Art & Science: Merging Art & Science to Make a Revolutionary New Art Movement
GV Art, London
Davide Angheleddu's corroded bronze sculptures transform the illustrations of plankton taken from a 1904 book by the German philosopher and naturalist Ernst Haeckel, Art Forms of Nature, into a totally different medium. Strangely beautiful, they stand on the frontier between the industrial and the organic - a frontier increasingly blurred by technology, and where many of our deepest anxieties and ethical challenges lurk. This exhibition (from 8 July to 24 September) offers a series of frequently disturbing reports on what artists have found there.
There is nothing particularly new about artists being inspired by science, as curator Arthur I. Miller, emeritus professor of history and philosophy of science at University College London, reminds us in the exhibition catalogue. Picasso was interested in X-rays, Dali in relativity and quantum physics. Yet today's artists who go into the lab to collaborate with biologists have some fascinating new media with which to work.
For Susan Aldworth, research Fellow in print at London Metropolitan University, a brain scan is "a signpost to the interior self". What, she wondered, would one "look like if it could show what was going on in my imagination"?
We can see her answer in a print entitled Cogito Ergo Sum 3. After having her brain scanned at an imaging centre, Ms Aldworth doctored the results, changed the scale, "scratched into the scan emulsion and added images and words into the fMRI sequence to try to connect these medical images to my daily experience".

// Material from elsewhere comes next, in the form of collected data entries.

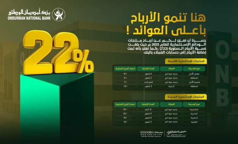 أعلن بنك أم درمان الوطني عن تحقيق أعلى معدلات عائد لارباح الودائع الاستثمارية بالعملة المحلية للعام 2025 م… حيث…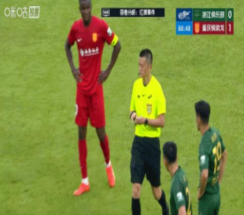 第45+3分鐘,重慶銅梁龍教練組成員抗議判罰吃到直紅↓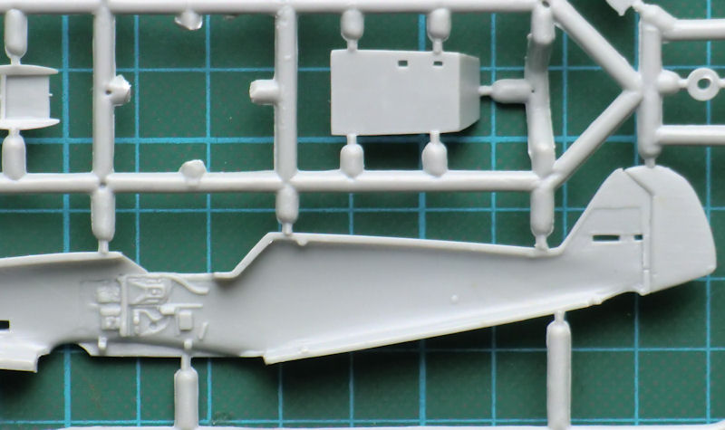 Alle Bauteile besitzen feine Strukturen und erinnern ein wenig an die FineMolds-Kits aus Japan. Beim rechten Rumpf hat Amodel sogar die Kabine massiv verkleidet. Der Bau beginnt mit dem einzigen Cockpit und das ist recht ordentlich detailliert. Das Instrumentenbrett besitzt passende Strukturen(dazu passt das vorhandene Instrumentendecal) und auf dem Sitz gibt es aufmodellierte Sitzgurte. Zusammen mit der Bodenplatte und den strukturierten Rumpfinnenseiten sowie dem Steuerknüppel entsteht ein gut aussgestattetes Cockpit. Eine Motornachbildung gibt es in diesem Bausatz nicht.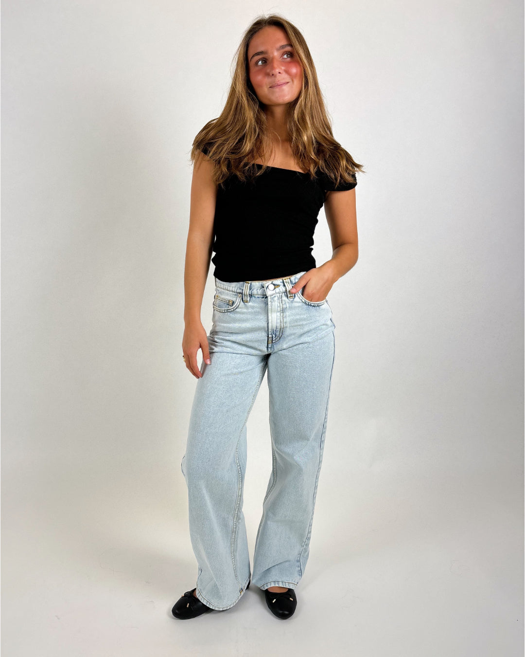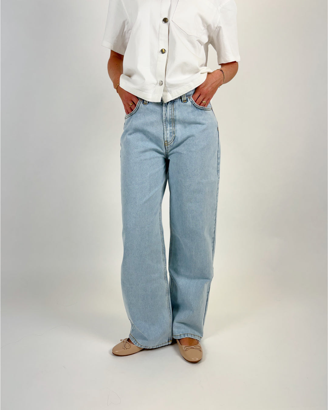Byxan matchar både med vår LOUISE denimskjorta, men också med vår ANNIKA denimtop. Tillsammans utgör våra jeans och matchande överdelar ett vackert set.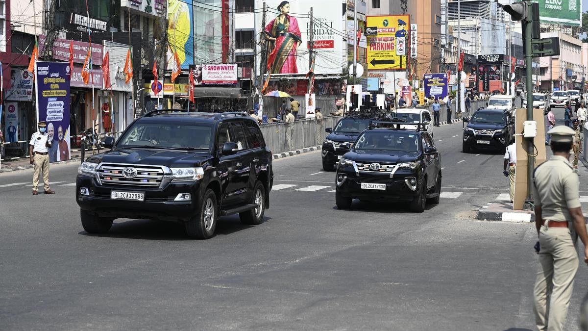 Rehearsals for Prime Minister Narendra Modi’s motorcade passing through MG Road in Thiruvananthapuram on Thursday. Mr. Modi is scheduled to arrive in the city on Friday. | Photo credit: JAYAMOHAN A.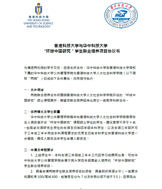 本次签署的学生联合培养协议围绕香港科技大学人文社会科学学院开设的“环球中国研究”硕士课程展开,我院每年向香港科技大学人文社会科学学院推荐不多于十名优秀全日制本科生入读该项目,其中本科在读三年级或三年半之内且学习成绩突出的学生,可向我院申请于其大学四年级提前入读。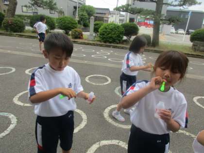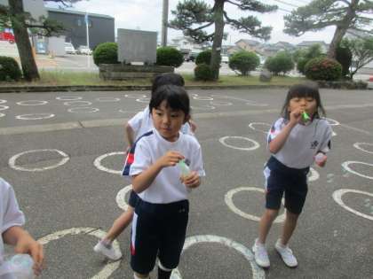 【1年生】しゃぼんだま 公開日 2023/06/12 更新日 2023/06/12 1年生 生活科では、しゃぼんだまの学習をしています。 今日は、みんなで遊びました。 シャボン玉がたくさんできて嬉しそうです。 大きさを競う子供達もいました。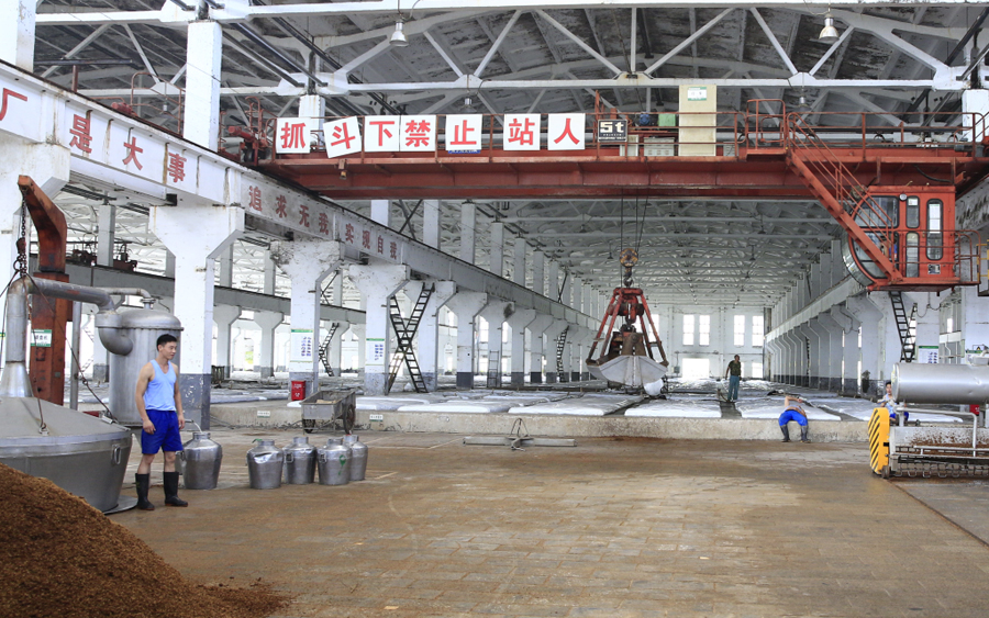 按照要求破碎好的原料就會運送到生產現場與窖池里發酵好的酒醅進行配料, 配好原料就要進行裝甑的工藝了,由一到兩名工人用鐵锨將酒醅裝到甑桶里,待到甑滿時便加蓋蒸煮,進入蒸餾、接酒階段。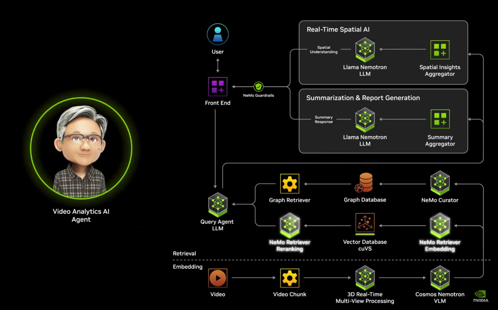 另一个用于视频搜索和总结,构建于Metropolis平台上,由Cosmos Nemotron视觉语言模型、Llama Nemotron大语言模型和NeMo Retriever进行强化,提供了构建和部署可分析大量视频和图像内容的AI agents的工具。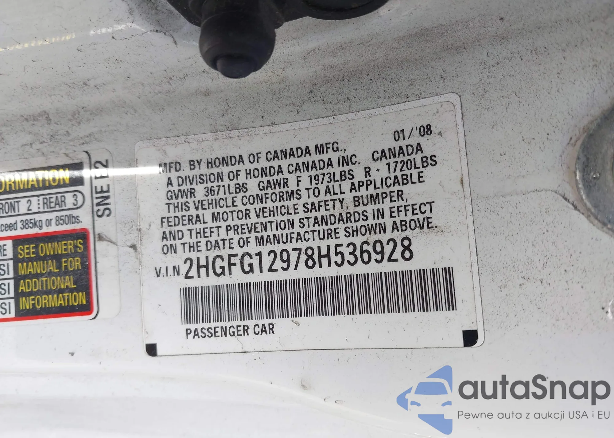 • VIN 2HGFG12978H536928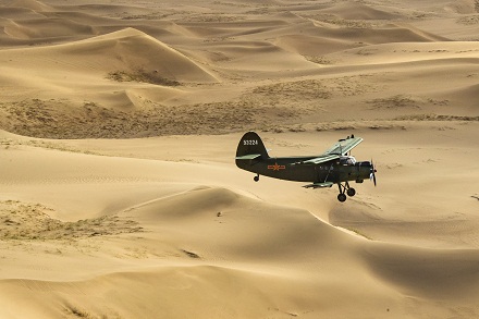 圖為官兵駕駛運-5飛機飛越西北戈壁執(zhí)行飛播造林任務(wù)。劉暢 攝

Katharine Dowson also used a diagnostic probe as the basis for her work Memory of a Malformation, in this case drawing on a cousin's "angiogram of her venous-arterial malformation, a benign tumour that had been successfully treated with laser 10 years before". She manipulated it digitally and used a laser to etch it on to glass, hoping she has produced "a delicate and ephemeral memory" of an ominous medical condition. If one didn't know its origins, it could almost be a dreamlike image of a tree on a moonlit night.
Other works venture into far more frightening territory. In The Pig Wings Project, Oron Catts and Ionat Zurr, who both work at the Centre of Excellence in Biological Arts at the University of Western Australia, used tissue engineering and stem-cell technologies to produce what they plausibly claim are "the first ever wing-shaped objects grown using living pig tissue".
Stelarc, the Australian artist who holds a chair in performance art at Brunel University, has created a digital self-portrait across three panels called Stretched Skin (pictured above), where his face seems to have been flattened into a landscape.
Wherever science is leading us, these artists are following and finding powerful ways to address important issues of progress, identity and what it means to be human.